# Tom Gordon is the man



## samay (Feb 23, 2011)

Looking good. Looking forward to seeing the progress updates.


----------



## ethan.weber (Apr 26, 2011)

wow the boat looks new. has the inside been painted yet or is that what you plan on doing next? also what are you going to do to the decks?


----------



## Net 30 (Mar 24, 2012)

It must have been hard driving away knowing what Tom can do to finish her off...the anticipation of going back to Isla to complete the project at a later date would kill me! Skiff looks great.


----------



## TC (Feb 15, 2011)

Cool project, man. Great start, looking good! I agree, Tom is the man. He was very helpful in my search for a Waterman even though I didn't buy it through him. He gave me lots of valuable input and advice. Good luck with your project.


----------



## formerWAflyfisher (Sep 5, 2008)

Net 30 your right I wanted in the worst way to hand him the skiff and say finish it. But thankfully he doesn't take credit cards. He told me if I sanded the decks, especially in the grooves for the hatches, and I removed all of the paint down to the gel he would give me a much better price. So I bought a sander and I am getting ready to buy some stock in sand paper manufacturing companies. Hopefully I will be able to have the decks done at the latest next fall. I also want to add a console and steering as soon as possible. I found a nice cheap console from craigslist now I have to save and get the baystar steering kit. Just have to keep searching craigslist for parts.


----------



## MariettaMike (Jun 14, 2012)

> Nice looking boat.
> 
> I have a 2002 with a 90 2s and am looking at adding a Power Pole.
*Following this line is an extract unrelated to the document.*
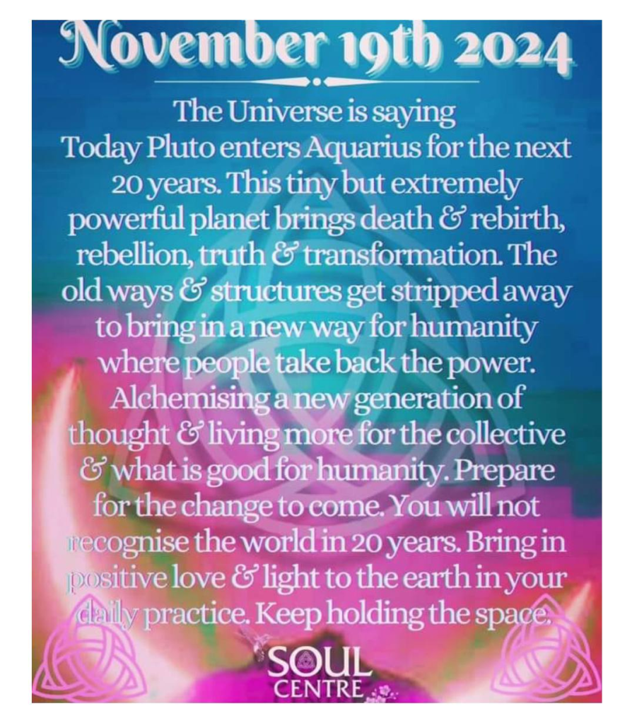 Aquarius is the sign of future, freedom, mass movements, issues around human rights, freedom of speech, technological innovation, free energy, AI, the whole political-societal paradigm will change.

According to PP I can fit it over my 9" tabs at the 4" minimum mounting height. With those 12" tabs you may not have enough room on the transom.
> 
> ...


----------



## Sheremeta (Nov 29, 2010)

Looks good. Where did you get the retro dolphin stickers? 
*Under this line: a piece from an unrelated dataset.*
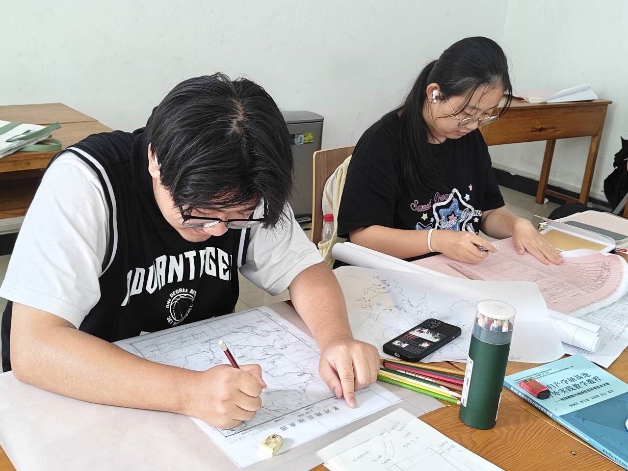 有的小组聚焦图件细节,用不同粗细的线条区分地质界线与路线轨迹,在关键分界点旁标注岩性名称与测量数据;有的小组则专注报告修改,对着导师此前提出的建议,补充地层演化分析,完善数据表格的格式规范。期间,张志庭老师、何珍文老师和董玉森老师穿梭于各小组之间,针对报告中的逻辑漏洞、图件里的标注误差耐心指导,“地质报告要像地层一样严谨,每一个数据都得经得起推敲”,老师的叮嘱让同学们更加注重细节。傍晚时分,不少小组完成了报告初稿与地质图终稿的整合,看着桌上厚厚一叠成果资料,大家脸上满是成就感——这些不仅是实习的作业,更是读懂地球密码的“钥匙”。
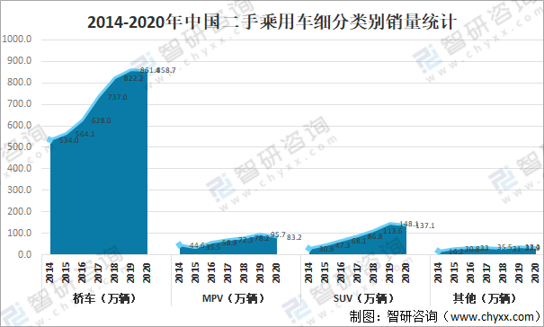 2014-2020年中國二手乘用車細分類別銷量統計(萬輛)

What's the beam? Maybe it's just the photo but it looks smaller than 6'. I would try to find the lightest engine possible in the 40-50 range. I have 12x12 tabs and the power pole fits.


----------



## MariettaMike (Jun 14, 2012)

> I have 12x12 tabs and the power pole fits.
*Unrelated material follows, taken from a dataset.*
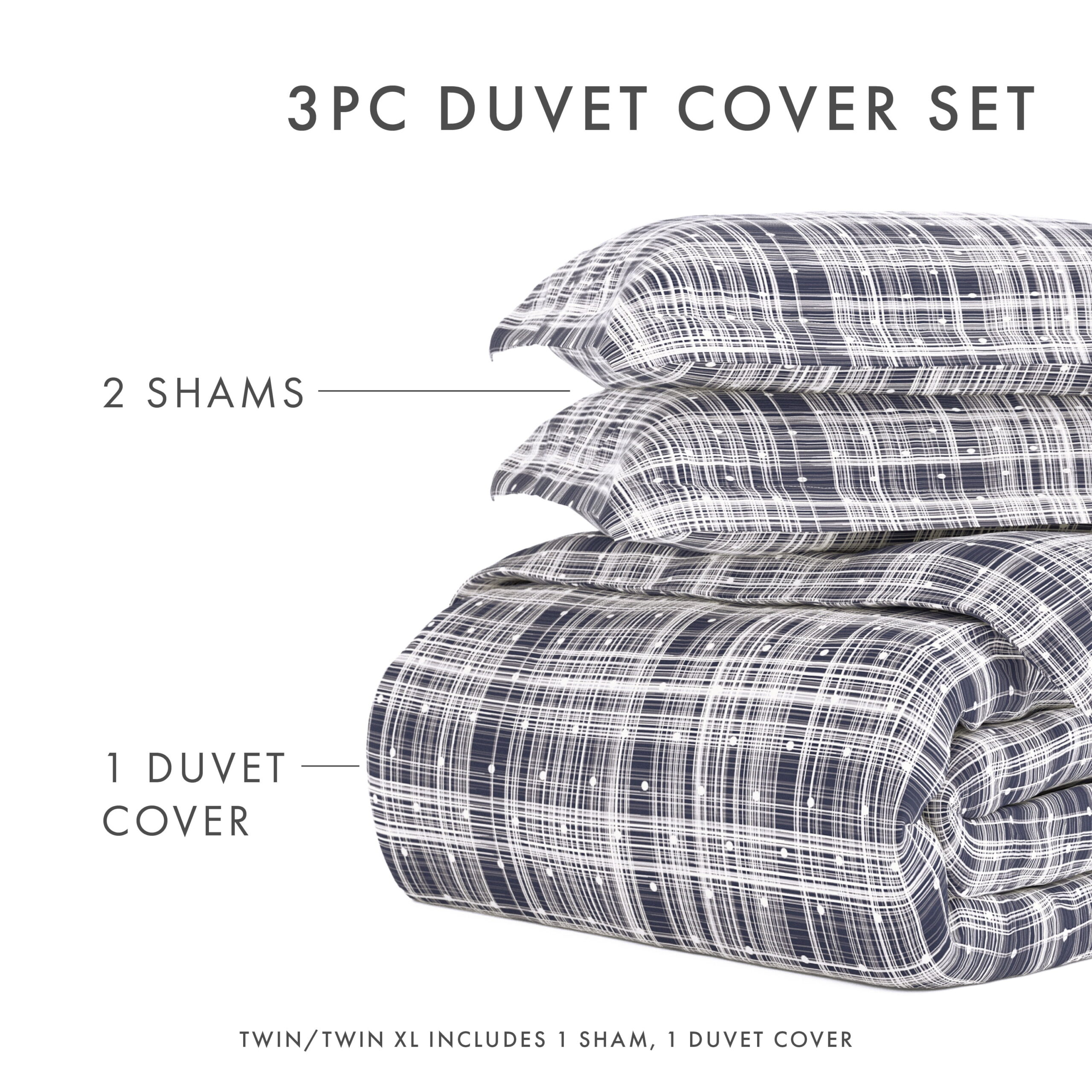 - TWIN/TWINXL: 70″ x 90″ Duvet Cover, 20″ x 26″ Pillow Sham with 2″ flange

Got any pics of the power pole install?

The pics of your TM install helped a lot. thanks.


----------



## Sheremeta (Nov 29, 2010)

I just measured and actually I have 12x9 tabs but even with 12x12 it would work. I can email photos so I don't derail this thread.


----------



## alain_vallejo (Jun 24, 2010)

Tom dose some nice work. if it wasn't for the banks closing before I was out of work i would of had this skiff. i would have loved to do all the work my self. oh well, at least someone else is, and it's coming out great.


----------



## trplsevenz (Oct 29, 2012)

What brand and color is the paint? Nice job!


----------



## formerWAflyfisher (Sep 5, 2008)

CasaCola the beam is six feet but not at the water line. The paint is Awlgrip guide green. I have some more photos up soon, I'm sanding the floor clean right now and waiting for my console to come in.


----------



## Sheremeta (Nov 29, 2010)

Looks good. Where did you get the retro decals?


----------



## trplsevenz (Oct 29, 2012)

> .  The paint is Awlgrip guide green.  .



For some reason, I can't find "Guide Green" in any of the Awlgrip literature. The closest I see is their Sea Foam. Is that the same color? I really like it!


----------



## Mike1974 (Feb 22, 2013)

I looked yesterday too. I am pretty sure it used to be there. Maybe they discontinued that color. It is pretty!


----------



## Sheremeta (Nov 29, 2010)

Looks like seafoam green


----------



## acraft1720 (Jul 31, 2012)

Looking good man, I need to find some of those Dolphin decals as well, probably could get a local fastsigns to make them as long as they had the logo image. Seems like they can make about anything. Gotta love a super skiff!


----------



## formerWAflyfisher (Sep 5, 2008)

Sorry for the slow reply I haven't been on the forum in a little while.  The color is sea foam sorry I thought it was guide green but I was wrong.  I got the decals at Islamarine, Tom has the templates to make them.  

Well I bought some new tools and started sanding.









After thirty mins with 40 grit this is all I got off. 









So I decided to switch to something stronger.  









and got this far 30 min later.








luckily I found the hole for the steering.

The paint on this floor has got to be 1/4 inch thick.  This is going to take some serious elbow grease. Side angle of the paint. 









So rather than sand I took her out fishing today.  Man was it windy.  My girlfriend went with me and I spent a good part of the day trying to get her hooked up, it was a blast the weather is starting to warm and spring is coming.  Next the console and the poling platform.  Some fishing pics. 
















Her Trout. 








Glades Haven


----------



## cutrunner (Jun 8, 2010)

With paint that thick, I would do it my self or have someone sandblast it


----------